:: PROBLEM DETAILS ::
Copy the lines below exactly, starting at the one with "axes femme POETIQUE" and ending at the one with "- Шоколадный пирог", and leave out any picture.

--- SUPPLIED MATERIAL ---

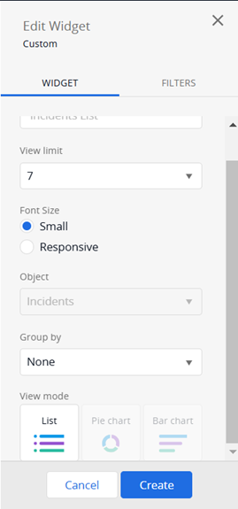 After you've added your filter, return to the Widget tab to select a View results option (List, Pie chart, or Bar chart).
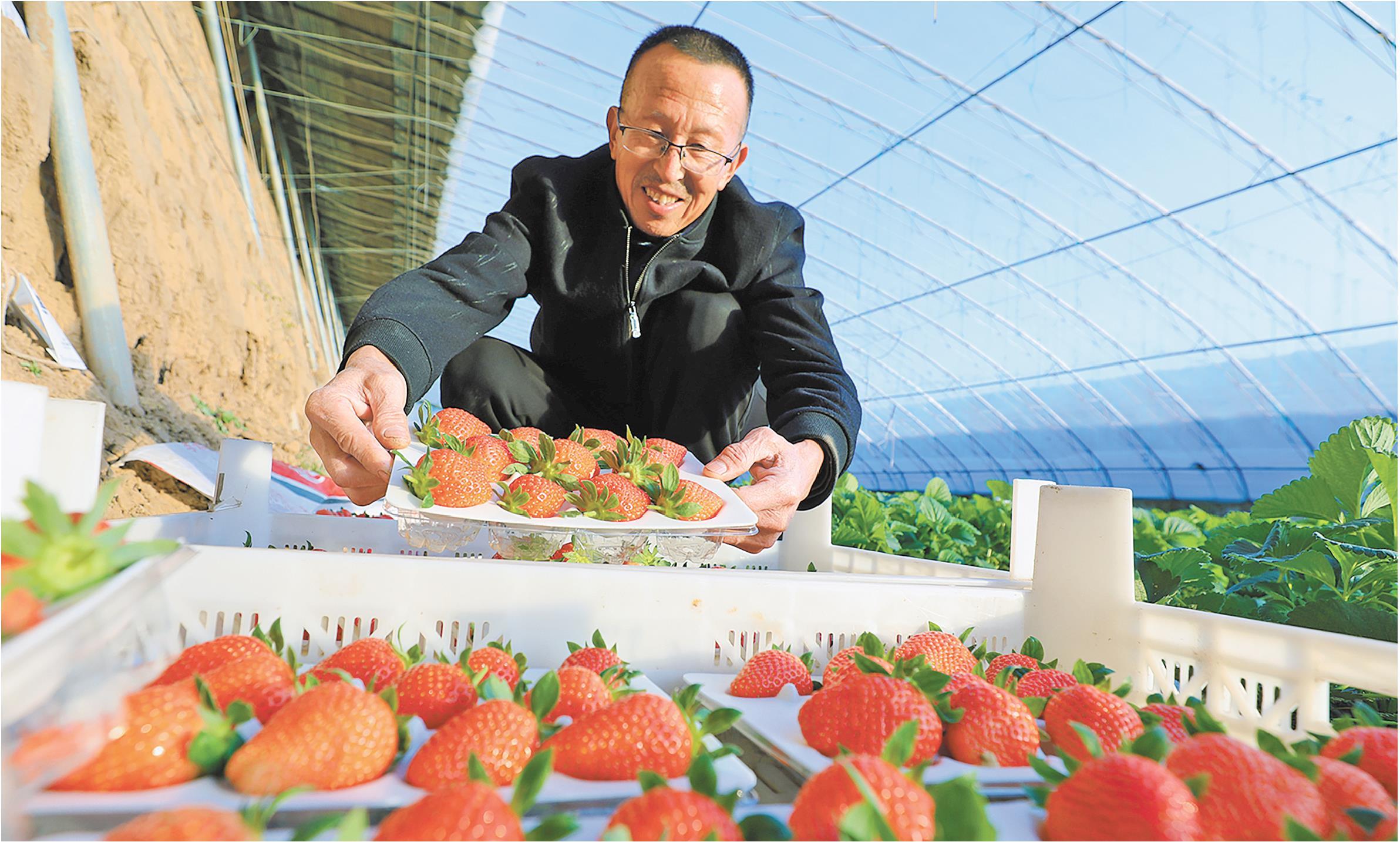 眼下,在山东省无棣县海丰街道徐庙村为农人(海丰)生鲜种植采摘基地的大棚内,圣女果丰收满架,草莓红艳飘香。该基地占地180余亩,目前8个草莓种植大棚和8个西红柿种植大棚均成熟上市,吸引当地游客和周边县市游客前来体验采摘乐趣(上图)。
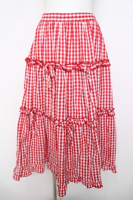 axes femme POETIQUE / ギンガムティアードスカート M 赤 Y-26-03-21-058-AX-SK-SZ-ZY
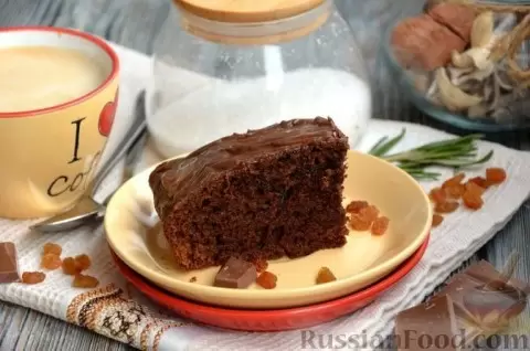 - Шоколадный пирог на кефире - этот десерт удивляет своей влажностью и нежной текстурой. Особенностью является добавление изюма, а шоколадная глазурь превращает его в настоящее произведение искусства.
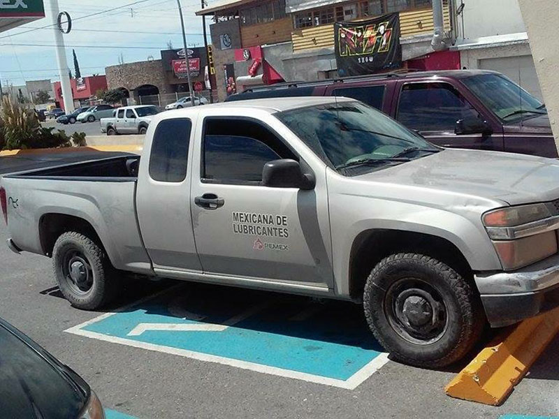 n la imagen se observa una unidad Pick Up color gris de Petróleos Mexicanos que invade el cajón azul, en una gasolinera ubicada frente a plaza Monumental sobre el Paseo Triunfo de la República

---

:: ANSWER SECTION ::
 axes femme POETIQUE / ギンガムティアードスカート M 赤 Y-26-03-21-058-AX-SK-SZ-ZY
 - Шоколадный пирог на кефире - этот десерт удивляет своей влажностью и нежной текстурой. Особенностью является добавление изюма, а шоколадная глазурь превращает его в настоящее произведение искусства.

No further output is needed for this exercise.